A master gene, called E4bp4, that causes blood stem cells to turn into disease-fighting 'Natural Killer' (NK) immune cells has been identified by boffins in Britain.
The discovery, by researchers at Imperial College London, UCL and the Medical Research Council's National Institute for Medical Research, could one day help scientists boost the body's production of these frontline tumour-killing cells, creating new ways to treat cancer.
By 'knocking out' E4bp4 in a mouse model, the researchers created the world's first animal model entirely lacking NK cells, but with all other blood cells and immune cells intact.
The breakthrough model should help solve the mystery of the role that Natural Killer cells play in autoimmune diseases, such as diabetes and multiple sclerosis.
According to many scientists, these diseases are a result of malfunctioning NK cells that turn on the body and attack healthy cells, which cause disease instead of fighting it.
They believe that clarifying NK cells' role could lead to new ways of treating these conditions.
Natural Killer cells - a type of white blood cell - are a major component of the human body's innate, quick-response immune system, providing a fast frontline defence against tumours, viruses and bacterial infections.
The gene E4bp4 is the 'master gene' for NK cell production, which means it is the primary driver that causes blood stem cells in the bone marrow to differentiate into NK cells.
Led by Dr Hugh Brady, the researchers are hoping to progress with a drug treatment for cancer patients which reacts with the protein expressed by their E4bp4 gene, causing their bodies to produce a higher number of NK cells than normal, to increase the chances of successfully destroying tumours.

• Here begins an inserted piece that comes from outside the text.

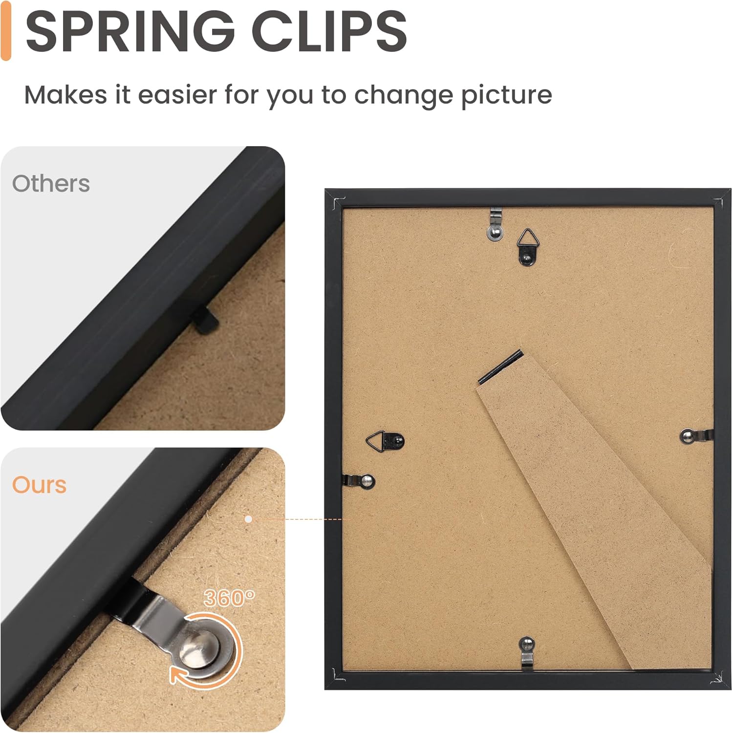 【Easy Mounting & Display】Each picture frame is equipped with a stand for tabletop display, and hanging hook for wall mounting, whatever hanging vertically or horizontally. The spring type action on the back helps you change the photo easily.

"If increased numbers of the patient's own blood stem cells could be coerced into differentiating into NK cells, via drug treatment, we would be able to bolster the body's cancer-fighting force, without having to deal with the problems of donor incompatibility," Nature quoted Brady as saying.
The researchers proved the pivotal role E4bp4 plays in NK production when they knocked the gene out in a mouse model.

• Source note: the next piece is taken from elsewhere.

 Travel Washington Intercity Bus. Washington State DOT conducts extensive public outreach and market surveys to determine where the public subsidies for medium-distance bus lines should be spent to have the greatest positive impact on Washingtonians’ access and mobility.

Without E4bp4 the mouse produced no NK cells whatsoever but other types of blood cell were unaffected.
"Now finally, with our discovery of the NK cell master gene and subsequent creation of our mouse model, we will be able to find out if the progression of these diseases is impeded or aided by the removal of NK cells from the equation. This will solve the often-debated question of whether NK cells are always the 'good guys', or if in certain circumstances they cause more harm than good," said Brady.
The study has been published in Nature Immunology.